● **THE TASK**: Copy the material below verbatim from the line with "FMT600BT Transmitter, AUX–IN cable, Remote" to the line with "重庆市万州二中2025-2026学年高二上学期期中考试 生物答案.docx", both lines included, omitting pictures and every line outside that range.

● **EXERCISE INPUTS**:
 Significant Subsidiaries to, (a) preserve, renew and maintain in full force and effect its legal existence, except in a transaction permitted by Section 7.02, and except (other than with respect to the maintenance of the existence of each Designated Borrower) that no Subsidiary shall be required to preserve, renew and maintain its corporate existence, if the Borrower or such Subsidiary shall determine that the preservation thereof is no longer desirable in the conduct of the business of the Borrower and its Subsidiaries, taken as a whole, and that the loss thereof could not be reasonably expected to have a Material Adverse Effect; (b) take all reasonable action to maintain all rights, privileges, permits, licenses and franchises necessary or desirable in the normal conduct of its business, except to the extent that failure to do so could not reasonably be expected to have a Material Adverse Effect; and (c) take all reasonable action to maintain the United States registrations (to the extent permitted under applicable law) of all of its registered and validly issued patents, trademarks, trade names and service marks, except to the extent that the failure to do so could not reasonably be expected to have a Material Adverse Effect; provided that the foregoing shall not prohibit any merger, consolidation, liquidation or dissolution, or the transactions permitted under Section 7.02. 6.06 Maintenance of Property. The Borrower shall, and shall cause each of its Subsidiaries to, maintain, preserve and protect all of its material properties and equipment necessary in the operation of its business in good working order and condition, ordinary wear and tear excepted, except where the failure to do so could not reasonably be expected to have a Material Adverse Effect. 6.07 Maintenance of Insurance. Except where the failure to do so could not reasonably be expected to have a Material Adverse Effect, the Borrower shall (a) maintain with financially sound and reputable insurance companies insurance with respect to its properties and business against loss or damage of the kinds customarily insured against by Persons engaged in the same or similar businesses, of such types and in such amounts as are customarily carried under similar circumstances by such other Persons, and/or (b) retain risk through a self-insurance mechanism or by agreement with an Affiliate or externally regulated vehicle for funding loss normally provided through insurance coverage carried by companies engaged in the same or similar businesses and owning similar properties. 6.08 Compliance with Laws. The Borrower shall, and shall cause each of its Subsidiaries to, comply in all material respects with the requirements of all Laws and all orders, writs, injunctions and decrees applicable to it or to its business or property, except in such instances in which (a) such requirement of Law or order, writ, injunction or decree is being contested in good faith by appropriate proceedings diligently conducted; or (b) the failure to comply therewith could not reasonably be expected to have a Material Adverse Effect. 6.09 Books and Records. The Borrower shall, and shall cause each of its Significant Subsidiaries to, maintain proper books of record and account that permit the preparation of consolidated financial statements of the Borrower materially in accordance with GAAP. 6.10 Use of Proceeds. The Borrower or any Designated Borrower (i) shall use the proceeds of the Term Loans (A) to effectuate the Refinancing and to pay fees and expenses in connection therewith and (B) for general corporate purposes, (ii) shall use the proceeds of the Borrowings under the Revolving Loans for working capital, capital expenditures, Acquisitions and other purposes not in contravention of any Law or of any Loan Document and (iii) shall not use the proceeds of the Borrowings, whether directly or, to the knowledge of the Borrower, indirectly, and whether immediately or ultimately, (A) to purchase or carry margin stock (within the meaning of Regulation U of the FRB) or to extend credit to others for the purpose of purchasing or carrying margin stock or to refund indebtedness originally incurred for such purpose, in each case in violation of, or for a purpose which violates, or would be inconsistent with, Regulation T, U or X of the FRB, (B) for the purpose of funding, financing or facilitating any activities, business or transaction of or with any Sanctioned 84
--
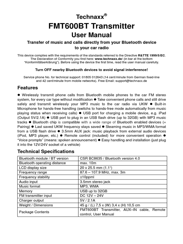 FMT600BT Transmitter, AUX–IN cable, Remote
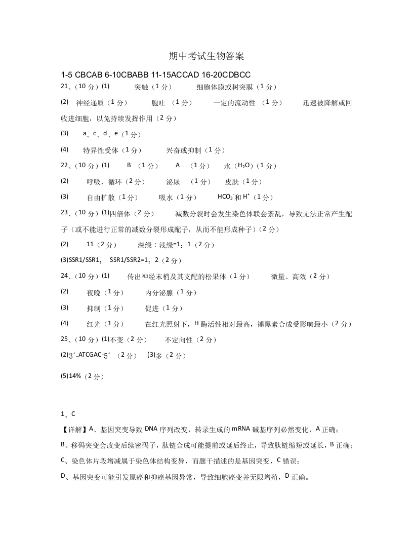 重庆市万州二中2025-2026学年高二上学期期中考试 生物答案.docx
--
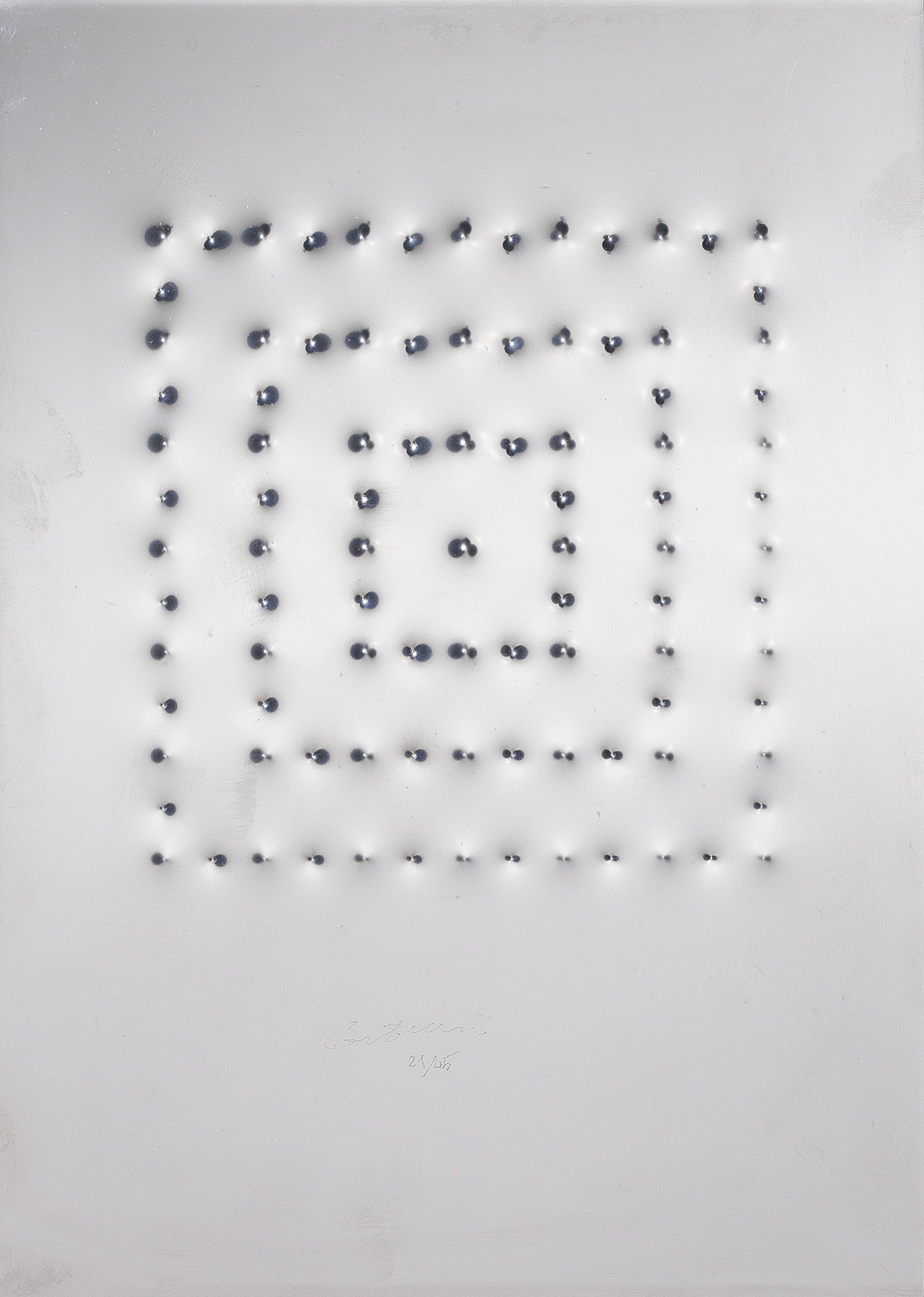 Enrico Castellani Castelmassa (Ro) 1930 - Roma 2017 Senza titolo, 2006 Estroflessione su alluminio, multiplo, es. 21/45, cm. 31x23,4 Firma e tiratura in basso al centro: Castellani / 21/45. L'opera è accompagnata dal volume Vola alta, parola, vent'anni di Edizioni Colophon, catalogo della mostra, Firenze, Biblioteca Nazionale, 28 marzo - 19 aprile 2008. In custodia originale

● **TASK RESPONSE**:
 FMT600BT Transmitter, AUX–IN cable, Remote
 重庆市万州二中2025-2026学年高二上学期期中考试 生物答案.docx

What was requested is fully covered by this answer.